The Naval Academy and the University of Maryland are separated by about 30 miles in the state of Maryland. The schools by their nature, a Federal service academy and a public university, differ radically in terms of culture and lifestyle. For many years, the University of Maryland possessed the reputation of a blue-collar, working-class school. Some students viewed the Naval Academy, with its strictly regimented culture, as elitist. A former Terrapins linebacker, Jerry Fishman, believed that many Midshipmen "thought they were far superior to the Maryland redneck coal miners." A former Navy fullback, Pat Donnelly, said that compared to a "public institution, [the Naval Academy] was night and day. I think there was a feeling of mutual dislike, but it wasn’t personal, it was more institutional."

According to former Maryland head coach (and former Maryland player) Ralph Friedgen, the sentiment at Navy has been that beating their archrival "Army is a must, but Maryland is a necessity." Darryl Hill, who attended both schools and broke the color barrier on each team, said that the Midshipmen "had a saying that beating Army is great, but beating Maryland is a must."
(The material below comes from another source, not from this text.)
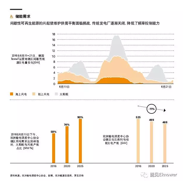 能源轉(zhuǎn)型非常迅速,為解決能源系統(tǒng)中可再生能源的相關(guān)問題,業(yè)內(nèi)亟需相應(yīng)的解決方案。圖A中,歐洲地區(qū)太陽能與風(fēng)能總和到2025年接近需求峰值需求的90%。這說明在絕大多數(shù)時間內(nèi),可再生能源可以滿足全部的能源需求。但當(dāng)可再生能源無法滿足需求時,需要有充足的備用能源作為后補(bǔ)方案,這種備用能源必須具有高度的靈活性,而這正是火力發(fā)電廠所欠缺的重要特征。
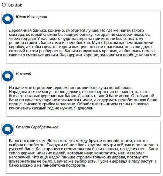 Отзывы владельцев бань из ячеистого бетона разделились на 2 крайние противоположности: от восторженных до крайне негативных.

Despite a lopsided start in the early 20th century, the Terps and Midshipmen were evenly matched for most of the history of the series. Between 1931 and 1965, Navy won six and Maryland five games. In the 2005 season opener, Navy was coming off one of its best seasons in history with a 10–2 record the previous year. Maryland struggled later in 2005, but proved a competitive match for Navy and achieved a last-minute win, 23–20.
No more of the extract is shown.